喜ぶ様は可愛いけれど、そこまで意外そのものみたいな反応しなくても良いのに。

「そこまで感動せえへんでも。」
「だって、本当に言われたことないんだもんっ!こういう褒め言葉は、ほらっ。茉奈花ちゃんみたいな子が言われるべきだしっ。」
「確かに茉奈花ちゃんは気つく子やけど。」
「そうでしょっ?だからーーー」

「でも、それと可憐ちゃんがどういう子かとは関係あらへんからな。」

忍足のこの言葉は可憐の心に、音もたてず手ごたえもなくスッと突き刺さった。

「せやから、別にお世辞言うてるとか思わんでーーー」


『男子テニス部に連絡です。間もなく消灯、消灯です。各自自室に戻り、休息を取ってください。繰り返します、間もなく消灯・・・』

「「あ。」」

消灯の知らせが鳴った。
タイムオーバー。時間切れである。

「堪忍な。何や長々話してもうて。」
「ううんっ!こっちこそごめんね、折角良い場所見つけて貰ったのにっ!」

とは言いつつ。
忍足にすまないと思う気持ちも本当だが、同じくらい自分のあやふやな考え事を詰めるより、もっとずっと良い時間を過ごせたと思うのも本当だった。
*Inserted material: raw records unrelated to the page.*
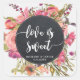 A beautiful love is sweet sticker with a watercolour pink wildflowers/floral design, set on a light grey background with chalkboard effect circle insert and brush lettering "love is sweet". Easy to change or delete the text field available to suit your personal requirements. Perfect for spring and summer weddings and showers. Lots of matching items in this boho collection. Visit my shop to see the full range.
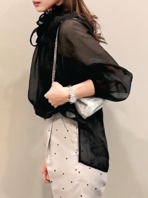 2.きちんと感と華やかさを両得できる「シアーブラウス」
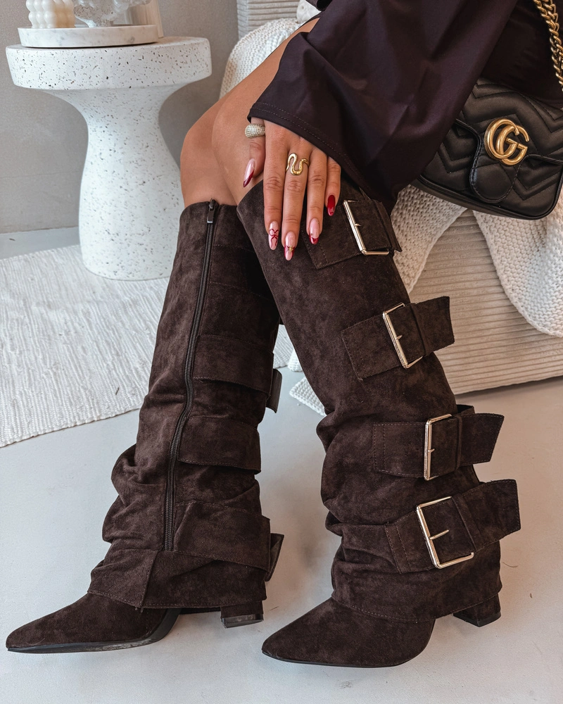 Kozaki Damskie Na Słupku Z Wywiniętą Cholewką I Złotymi Klamrami Eko Zamszowe Czekoladowe Isavelle
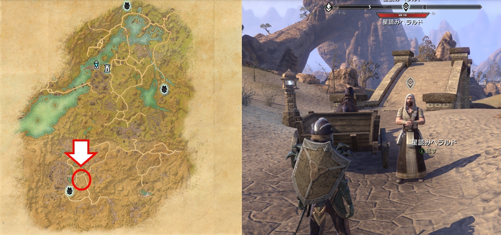 バンコライの下記位置付近にいる『星読みヘラルド』に話しかけると、クエスト『星読み』を受注できます。
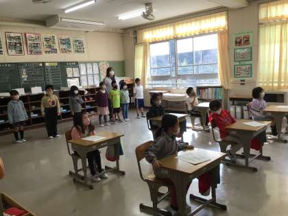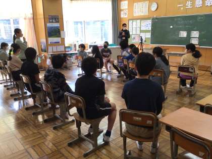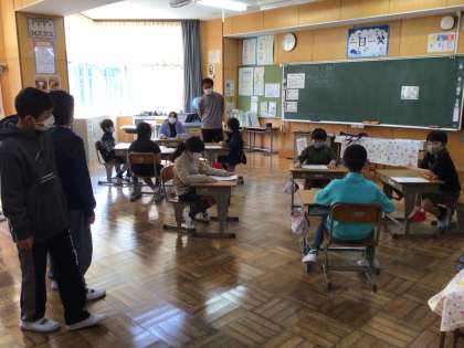 5年生の教室では、もしカギをなくして家に入れなかったらどうする?というテーマで話し合いがありました。グループ対話の後、6年生が「5分間次々と話し続けられたのがすごいですね、」「お互いのよいところを認め合えるとよいですね。」と評価してくれました。確実に授業の土台となる伝える力、聴く力が育っています。
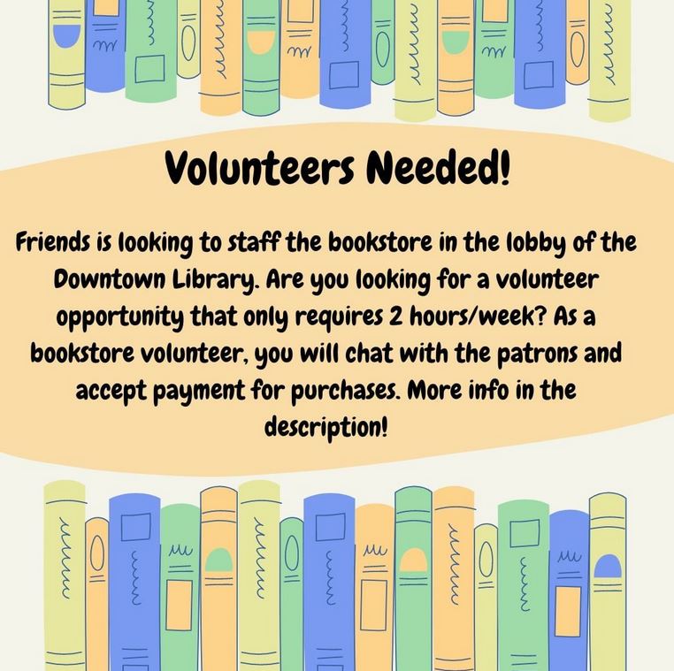 Are you looking for a volunteer opportunity that only requires 2-hours per week? As a bookstore volunteer, you will chat with customers and accept payment for purchases. All sales fund library programs such as Summer Learning Challenge and many Makerspace events.
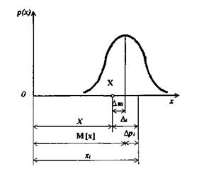 З рис. 4 видно, що оцінка істинного значення м[х] відрізняється від істинного значення X на деяку Δт, котра є математичним сподіванням похибки вимірювання. Знайдемо математичне сподівання похибки вимірювання
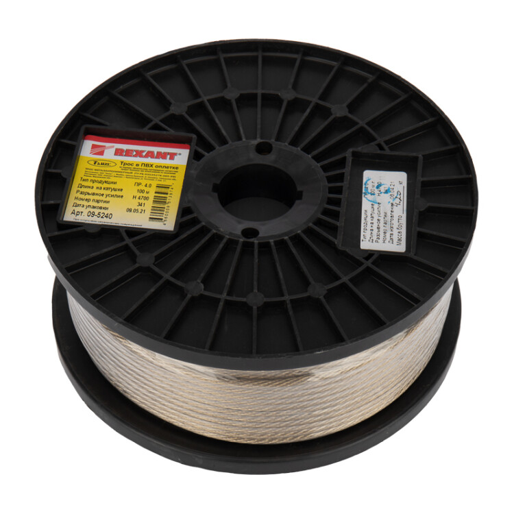 Трос стальной в ПВХ оплетке d=4,0мм, прозрачный (буxта 100м) REXANT
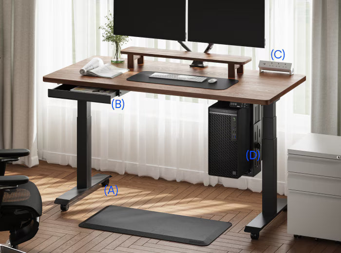 Dễ dàng di chuyển bàn làm việc của bạn với bánh xe dễ lắp đặt và dễ lăn. Hai bánh xe có khóa đảm bảo sự ổn định trong quá trình sử dụng.

色んな話が出来たし、そのせいかわからないけど、なんだか今はとても心が落ち着いてる感じがする。

「・・・えへへっ!」
「?」
「忍足君、有難うっ!」

何もしてへんけど。
大真面目な顔でそう返す忍足は、やっぱり面倒見が良いと可憐は思うのだった。

合宿最終日。
長いようで、でももう終わりを迎えてしまった夏の詰めを終えた2人を、星達が見ていた。